### [PROBLEM STATEMENT]
Write out each record below exactly, without pictures.

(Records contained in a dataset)
+---+

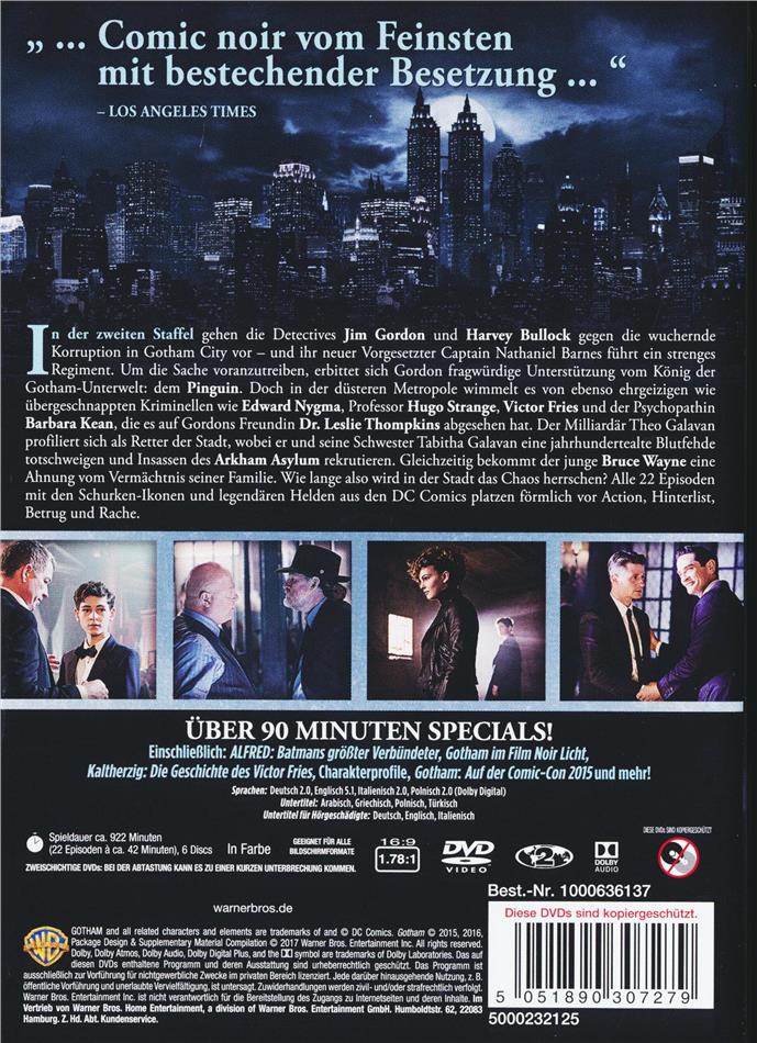 The origin story continues on Gotham and the stakes are higher than ever, as Super Villains more ambitious and depraved are introduced, and a shift of alliances shakes up the fight for power in Gotham City. In season two, Detective Jim Gordon and the ethically questionable veteran Detective Harvey Bullock remain at the forefront of the fight against crime in this dangerously corrupt city. While confronting Gotham's most notorious criminals, however, Gordon's moral compass begins to waver, but he is taken under the wing of Nathaniel Barnes, a law-and-order zealot who is unafraid of making enemies. At the same time, Gordon continues his quest to gain the trust of the young Bruce Wayne, who is on a clear path towards the man he is destined to become, after discovering his father's deepest secrets, with the help of his trusted butler and mentor, Alfred Pennyworth, and newfound ally at Wayne Enterprises, Lucius Fox.
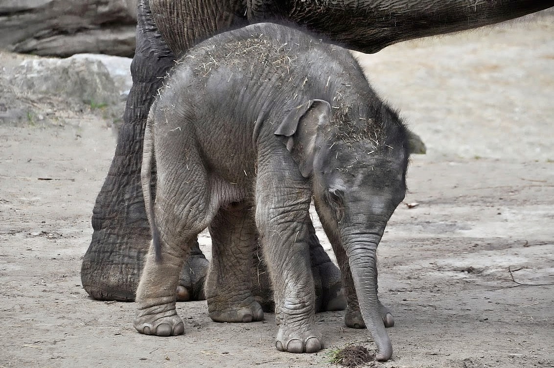 Het babyolifantje Yuna, geboren 25 maart 2017 in Dierenpark Amersfoort. Wat is ze leuk!
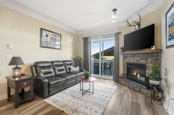 IMMACULATE & Move-In Ready! Nestled in a quiet, GATED community, bright 2 bed, 2 bath home impresses with its spacious design & quality finishes. Featuring 9’ ceilings, crown mouldings, cozy stone fireplace & large sunlit windows, the open layout is bright & inviting. Kitchen offers granite counters, newer appliances & flows into a LARGE Laundry Room with pantry & extra STORAGE - rare find! The oversized primary suite easily fits a king, boasting a walk-in closet & Spa-inspired ensuite with soaker tub, Double Sinks & Heated Floors. Large secondary bedroom. Updates include NEW Flooring, NEW Hot Water Tank & NEW Washer/Dryer. Enjoy sunsets from your west-facing balcony. Excellent Strata - NEW ROOF, LOW STRATA FEES, walk to shops, transit & rec. Option for 2nd PARKING spot. OPEN Nov. 22 1-3
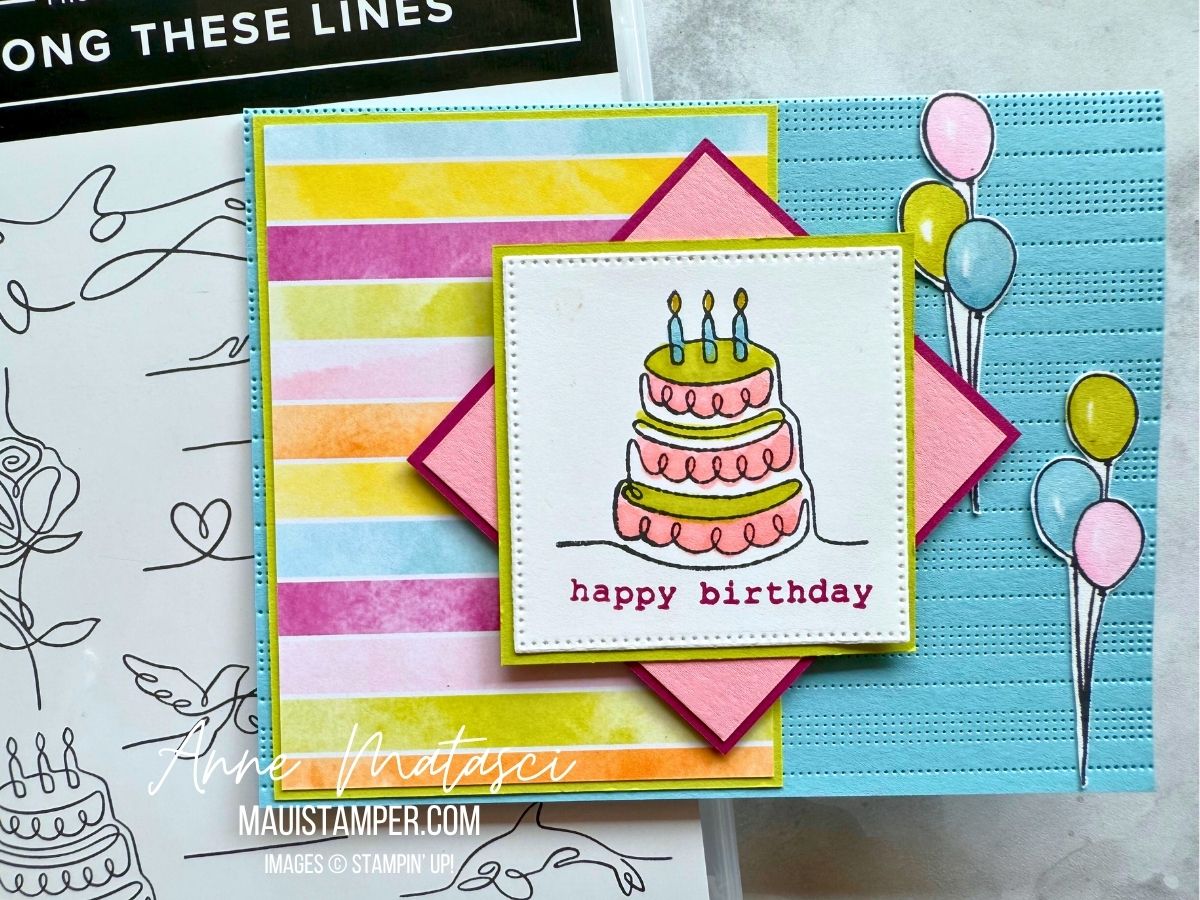 I confess, there’s a bit of work to fussy cutting the balloons, but straight lines and simple curves are actually pretty easy. The cake is quick to color, and everything else is just layers. I love complex cards, but simple ones surely have their place!
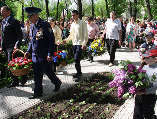 В парке собрались ветераны, вдовы, дети войны, а также представители городской власти и ученики близлежащих школ. Всех присутствующих и, в первую очередь, ветеранов, которые воевали за светлое будущее, поздравили городской голова Сергей Минько, глава городского общества ветеранов войны и труда Евгений Бабенко и глава узлового общества ветеранов Александра Башко.
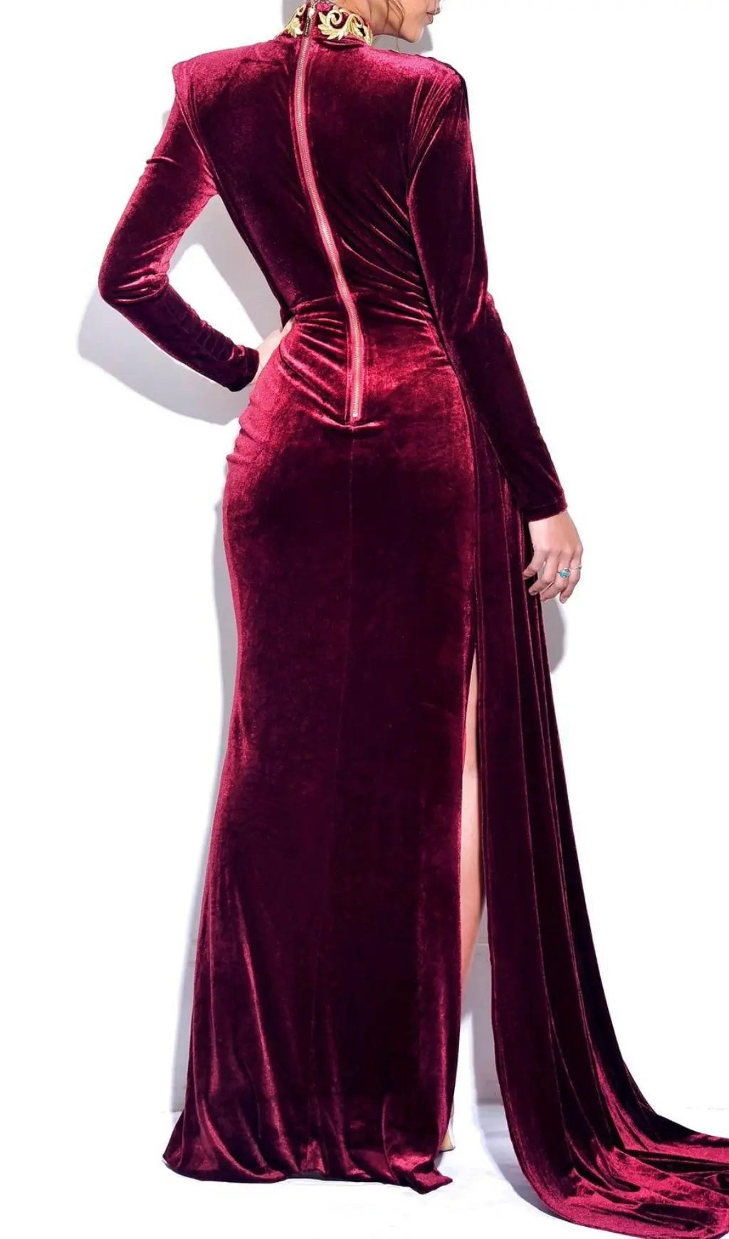 Celebrate the night in the red Velvet Cutout Maxi Dress! Whether it's for a wedding or treating yourself out, this dress will bring the luxe vibes with its smooth velvet fabrication that shapes long sleeves, a embroidery high neck, and a princess-seamed bodice. A figure-skimming silhouette ends at a mermaid maxi skirt with a flirty thigh-high side slit.

+---+

### [YOUR SOLUTION]
 The origin story continues on Gotham and the stakes are higher than ever, as Super Villains more ambitious and depraved are introduced, and a shift of alliances shakes up the fight for power in Gotham City. In season two, Detective Jim Gordon and the ethically questionable veteran Detective Harvey Bullock remain at the forefront of the fight against crime in this dangerously corrupt city. While confronting Gotham's most notorious criminals, however, Gordon's moral compass begins to waver, but he is taken under the wing of Nathaniel Barnes, a law-and-order zealot who is unafraid of making enemies. At the same time, Gordon continues his quest to gain the trust of the young Bruce Wayne, who is on a clear path towards the man he is destined to become, after discovering his father's deepest secrets, with the help of his trusted butler and mentor, Alfred Pennyworth, and newfound ally at Wayne Enterprises, Lucius Fox.
 Het babyolifantje Yuna, geboren 25 maart 2017 in Dierenpark Amersfoort. Wat is ze leuk!
 IMMACULATE & Move-In Ready! Nestled in a quiet, GATED community, bright 2 bed, 2 bath home impresses with its spacious design & quality finishes. Featuring 9’ ceilings, crown mouldings, cozy stone fireplace & large sunlit windows, the open layout is bright & inviting. Kitchen offers granite counters, newer appliances & flows into a LARGE Laundry Room with pantry & extra STORAGE - rare find! The oversized primary suite easily fits a king, boasting a walk-in closet & Spa-inspired ensuite with soaker tub, Double Sinks & Heated Floors. Large secondary bedroom. Updates include NEW Flooring, NEW Hot Water Tank & NEW Washer/Dryer. Enjoy sunsets from your west-facing balcony. Excellent Strata - NEW ROOF, LOW STRATA FEES, walk to shops, transit & rec. Option for 2nd PARKING spot. OPEN Nov. 22 1-3
 I confess, there’s a bit of work to fussy cutting the balloons, but straight lines and simple curves are actually pretty easy. The cake is quick to color, and everything else is just layers. I love complex cards, but simple ones surely have their place!
 В парке собрались ветераны, вдовы, дети войны, а также представители городской власти и ученики близлежащих школ. Всех присутствующих и, в первую очередь, ветеранов, которые воевали за светлое будущее, поздравили городской голова Сергей Минько, глава городского общества ветеранов войны и труда Евгений Бабенко и глава узлового общества ветеранов Александра Башко.
 Celebrate the night in the red Velvet Cutout Maxi Dress! Whether it's for a wedding or treating yourself out, this dress will bring the luxe vibes with its smooth velvet fabrication that shapes long sleeves, a embroidery high neck, and a princess-seamed bodice. A figure-skimming silhouette ends at a mermaid maxi skirt with a flirty thigh-high side slit.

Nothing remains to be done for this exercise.